At the time of the Battle of Jenar against the VOC, Pangeran Mangkubumi had a bregada of soldiers who were very agile; it was called bregada Mantrilebet (now called Mantrijero). This bregada succeeded in defeating Major Clereq on December 12, 1751. Major Clereq faced one-on-one with a soldier named Wiradigda. A then spear wounded Clereq's shoulder, causing him to lose his sword and fall. In a precarious situation, he tried to point a gun at Wiradigda. However, Wiradigda was not alone; Wiradigda was assisted by his colleague Prawirarana to thrust a spear into Clereq's neck until Clereq died instantly.

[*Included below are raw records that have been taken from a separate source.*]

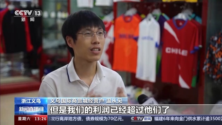 義烏國際商貿(mào)城經(jīng)營戶 溫從見:我們以前做設(shè)計(jì)的時候,比如說我們做法國隊(duì)的球衣,可能只設(shè)置了一兩個,現(xiàn)在我們做一個款式,我們會設(shè)置4到5個方案,包括我們自己也會先去試賣,讓自己的產(chǎn)品做得更加多元化,更加亮麗一點(diǎn),能夠在這輪流量過來的時候,能夠吸引來我店里他可以駐足的時間長一點(diǎn),我們這個訂單的概率會大一點(diǎn)。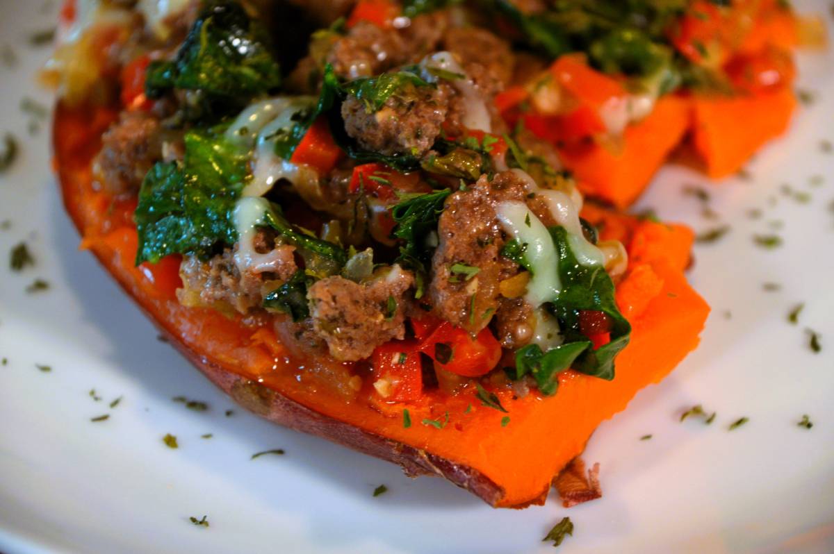 Bison Sausage Stuffed Sweet Potato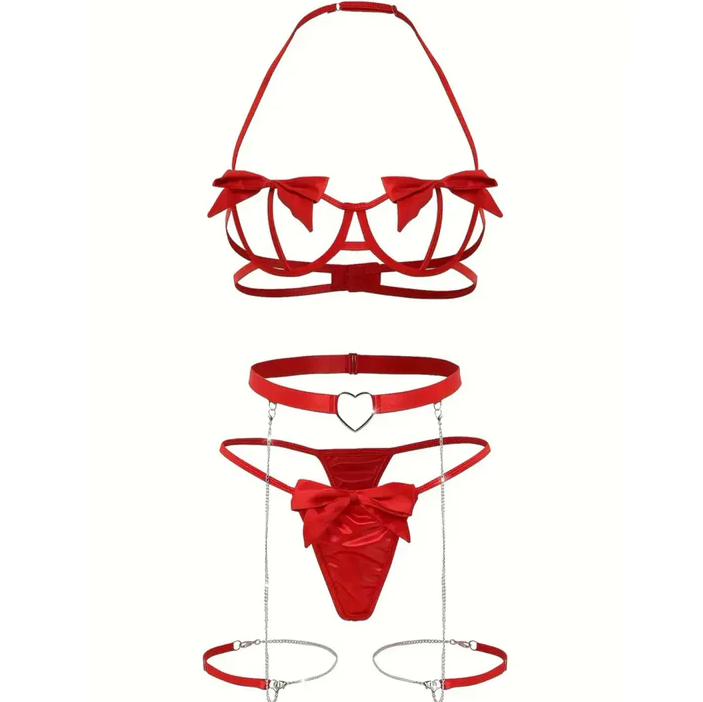Avec : porte-jarretelles, string & soutien-gorge avec nœud papillon et chaîne pour les jambes.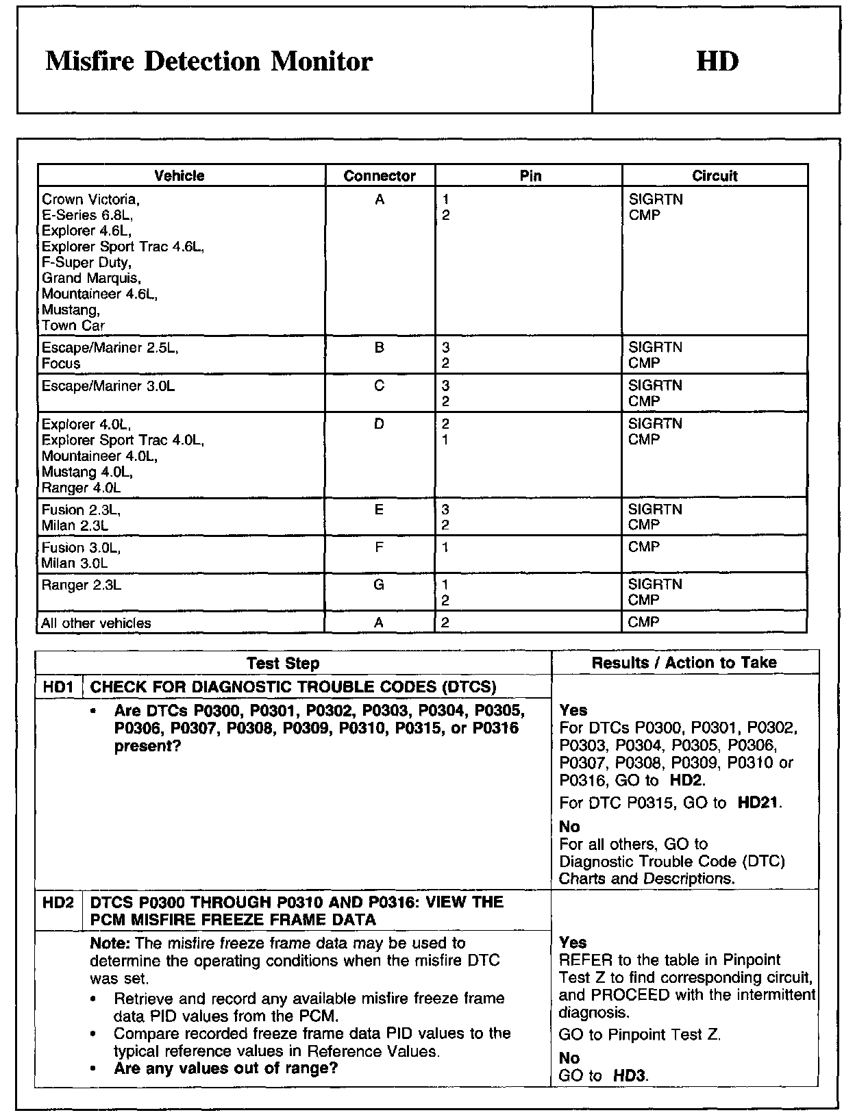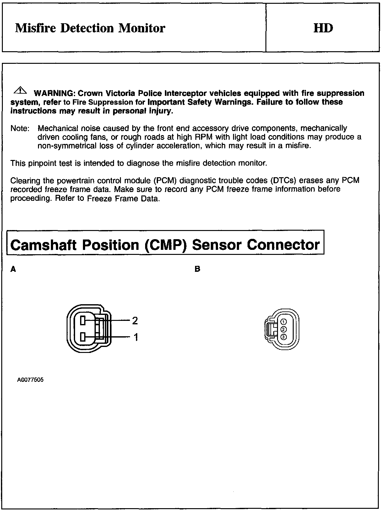 PINPOINT TEST HD: MISFIRE DETECTION MONITORWARNING And Camshaft Position Sensor Connector: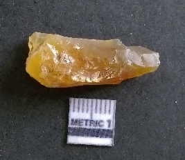 | Description / विवरण | The chalcedony piece has surfacial flake scars and a part of cortex on the piece. The piece is translucent in appearnce, with light yellow coloration. The piece is of crypto-crystalline nature. Flake scars are visible on the surface and sharp angular edges are the result of lithic knapping. |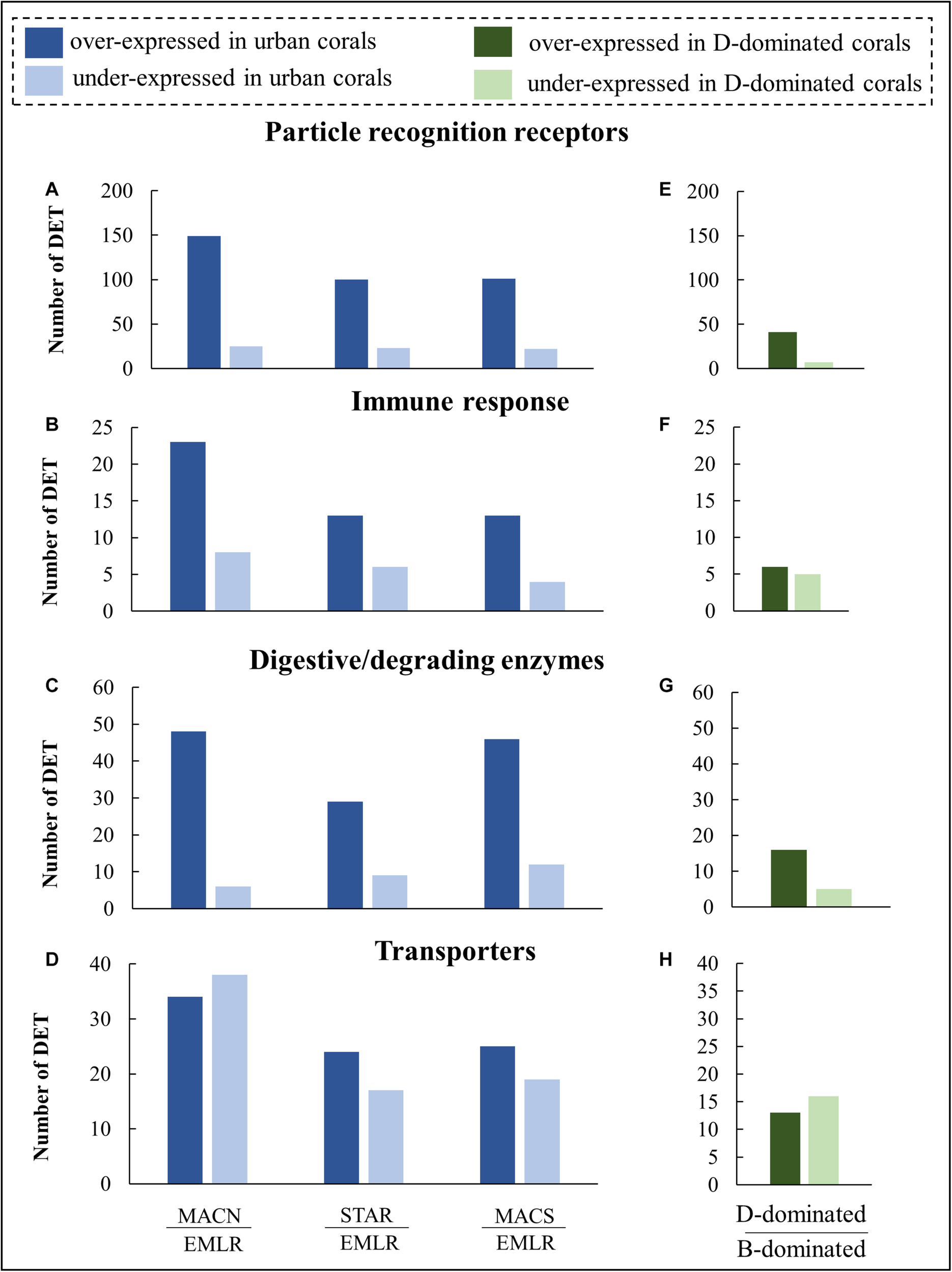 Distribution of DETs in P. strigosa colonies grouped into four molecular-function categories. Differential expression analyses were made between colonies from each urban site (MACN, MACS, STAR) and colonies from an offshore reef (EMLR) which was used as a control (A–D), and additional analysis was made between colonies (n = 17) dominated by Durusdinium symbionts (D-dominated) in comparison to colonies (n = 14) dominated by Breviolum (B-dominated) symbionts (E–H).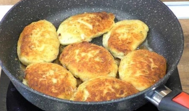 - На сковороде разогрейте растительное масло и жарьте котлеты из картофельного пюре по 3 минуты с каждой стороны до румяной корочки.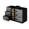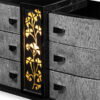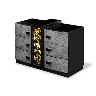 - Its top and 2 sides are finished with black lacquer. Its drawer fronts are finished with Silver & Black lacquer with Mai Home's Washed pattern.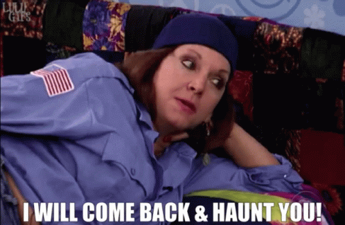 Renny Martyn from Big Brother 10 dramatically declares, 'I WILL COME BACK & HAUNT YOU!' while lounging.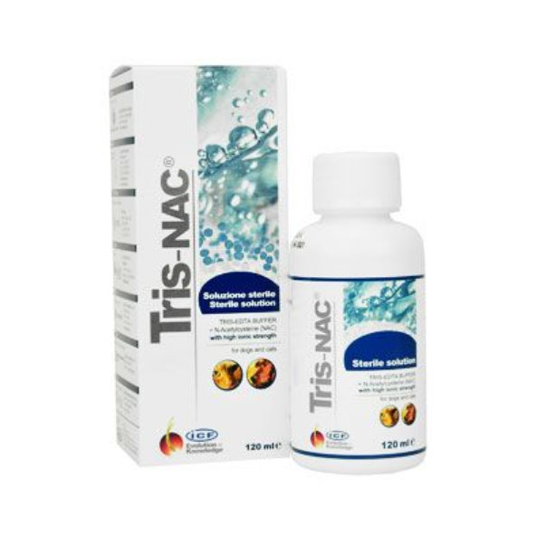 Tlmivý roztok na zápaly stredného ucha pre psov a mačky. TRIS-EDTA + N-acetylcysteín (NAC) s vysokou jontovou silou.

The spear used in the incident was then named Kyai Clereq.

After the Ngayogyakarta Sultanate was established, Hamengkubuwana I ordered the construction of the palace, as well as institutionalizing a unit of soldiers who continued to fight armed. Their strength was increasingly respected; in 1781, a Governor of the Northeast Coast of Java named Johannes Siberg (served 1780–1787) had requested the deployment of 1,132 palace troops, with details of 1,000 ordinary soldiers, 100 Crown Prince guards, and the rest of high-ranking officers, to Batavia. The purpose of this deployment was to repel the British army that would fight against the Dutch and occupy Southeast Asia. Their assignment ended in October 1783 and they were rewarded with 12 cannons from the VOC Resident in Yogyakarta. To support the daily activities of the army, Fort Baluwerti was built with a ditch on the outside; it was built on the initiative of Bendara Raden Mas Sundara, who was appointed Crown Prince of the Sultanate (later Hamengkubuwana II) in 1782.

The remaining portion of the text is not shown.